TASK DETAILS – Among the lines of data below, reproduce only those from the one with "de columbarium. |" through the one with "Fleece-Lined and Thickened", exactly as they stand, both ends included.

INFORMATION GIVEN –
= Beginning of Section =
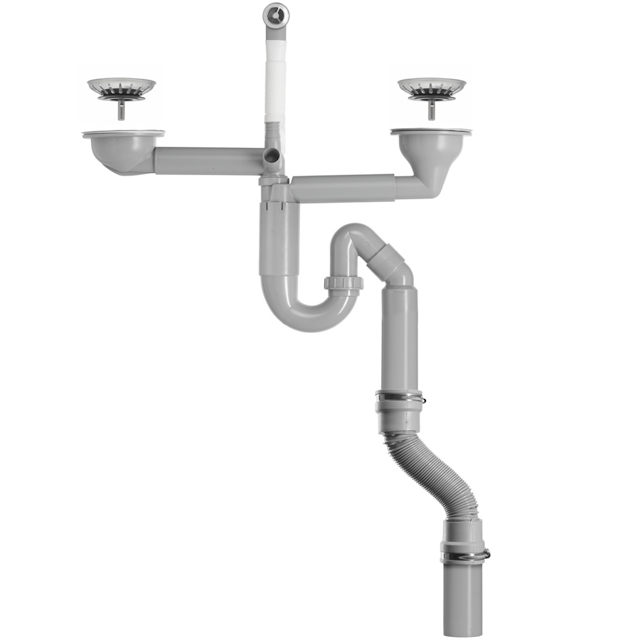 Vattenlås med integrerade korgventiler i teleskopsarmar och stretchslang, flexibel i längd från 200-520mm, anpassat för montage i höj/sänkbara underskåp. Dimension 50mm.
= End of Section =
= Beginning of Section =
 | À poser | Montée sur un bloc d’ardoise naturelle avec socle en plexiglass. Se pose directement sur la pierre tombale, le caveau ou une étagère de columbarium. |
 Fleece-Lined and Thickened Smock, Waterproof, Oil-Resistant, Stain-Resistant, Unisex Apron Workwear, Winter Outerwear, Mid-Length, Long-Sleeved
= End of Section =
EXPECTED OUTPUT –
 | À poser | Montée sur un bloc d’ardoise naturelle avec socle en plexiglass. Se pose directement sur la pierre tombale, le caveau ou une étagère de columbarium. |
 Fleece-Lined and Thickened Smock, Waterproof, Oil-Resistant, Stain-Resistant, Unisex Apron Workwear, Winter Outerwear, Mid-Length, Long-Sleeved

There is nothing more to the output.